Fig. 16 shows a computational fluid dynamics (CFD) model showing the impact of a mis-aligned BFW inlet distributor in a condenser: the velocity profile and the circulation pattern compromises the heat transfer efficiency. SRU condensers are designed to operate with natural circulation that allows the steam bubbles to rise and disengage at the water-steam interface. Introducing the colder BFW at the wrong location compromises the circulation, the heat transfer efficiency, and the steam generation rate.
Fig. 17 shows a CFD model showing the velocity profile of a properly aligned BFW inlet distributor in a condenser. Proper disengagement of steam bubbles is critical to optimise the steam production rate and minimise carryover.
Confirming the process capability for blowdown based on the feedwater quality and ensuring consistent and accurate level control can reduce the risk of corrosion and fouling of heat transfer surfaces and steam blanketing, tube-thinning, carry-over and compromised continuous blowdown flow.
Priorities during turnaround
The industry continues to expand the timeframe between scheduled turnarounds. Historically, it was common to have annual turnarounds and thus known design or systemic problems were fixed in-kind. However, the modern trend is to expand the timeframe and thus reliability has become paramount. The design and operation of the process side appears to be better understood than the utility side and in particular water-side chemistry, operating practices, and good design practice. Turnaround intervals now vary between four and six years. Inspections during turnaround are important for all boilers; however, they are especially valuable for waste heat steam generators because they provide diagnostic information about the operation and integrity of the water side. Typically, the priority for inspection of the water side is much lower than the process side, creating a risk that the plant will reduce the scope or eliminate inspections of the water side.

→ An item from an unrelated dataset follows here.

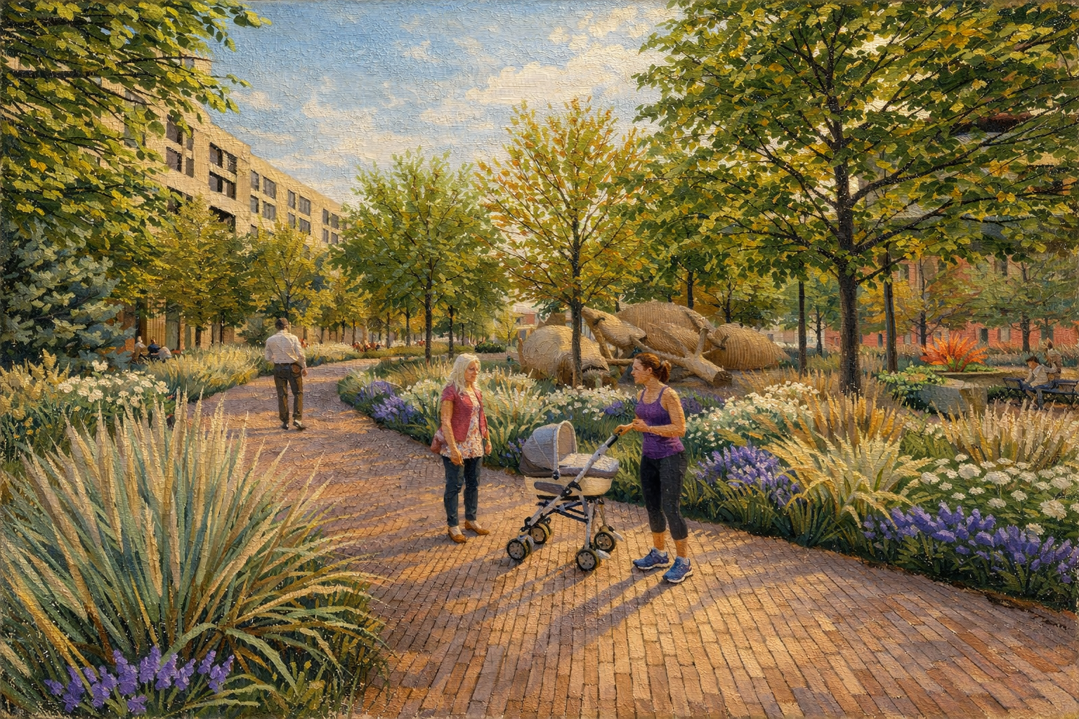 From the Overlook, the Riparian Ramble descends toward the Christina River through a gradient of native plant communities that reflect the region’s upland-to-tidal transition. Stabilized stone fine paths wind through pollinator meadows and native grasses, immersing visitors in the textures and seasonal rhythms of the Fall Line ecology. Reclaimed stone benches offer moments of pause along the way.

A borescope can provide qualitative visual information about the condition of the heat transfer surfaces, the location(s) of the steam-water interface, and integrity of the inlet distributor and the blowdown collection laterals in the WHB and condensers. The water-side borescope inspections of the WHB and the sulphur condenser should be a critical turnaround activity.
Eddy current testing is especially important for “up-rated” SRU systems (i.e. operating at higher than OEM throughputs) and SRU systems that have high purity feedwater because eddy current test results provide information about tube thinning and pitting corrosion. The most important eddy current inspection is the top two rows of tubes (first 6 inches/15 cm) at the inlet of the low steam pressure generating sulphur condensers to confirm the condition of the heat transfer surfaces (e.g. presence of corrosion) and the tubesheet (e.g. off-line dissolved oxygen pitting).
Conclusion
Detecting water-related issues in the SRU requires understanding the warning signs during operation and the options for corrective actions. Reducing the risk of water-related issues requires a multi-faceted approach. The foundation of risk management is operational:
- implementing proactive monitoring practices (gathering the right kind of data, at the right frequency, properly interpreting the data, and implementing the right corrective actions to ensure consistent compliance to the specification limits for water chemistry)
- following practical operating strategies such as strict control of the water level. A third aspect to manage risk is to advocate for a high priority for waterside inspections during turnarounds.
The most challenging to minimise risk is to ensure robust water-side design, especially in operating units, to ensure that components such as inlet distributors, blowdown collection laterals, and blowdown control valve sizes are consistent with current best engineering practice and are matched to the BFW and boiler water quality.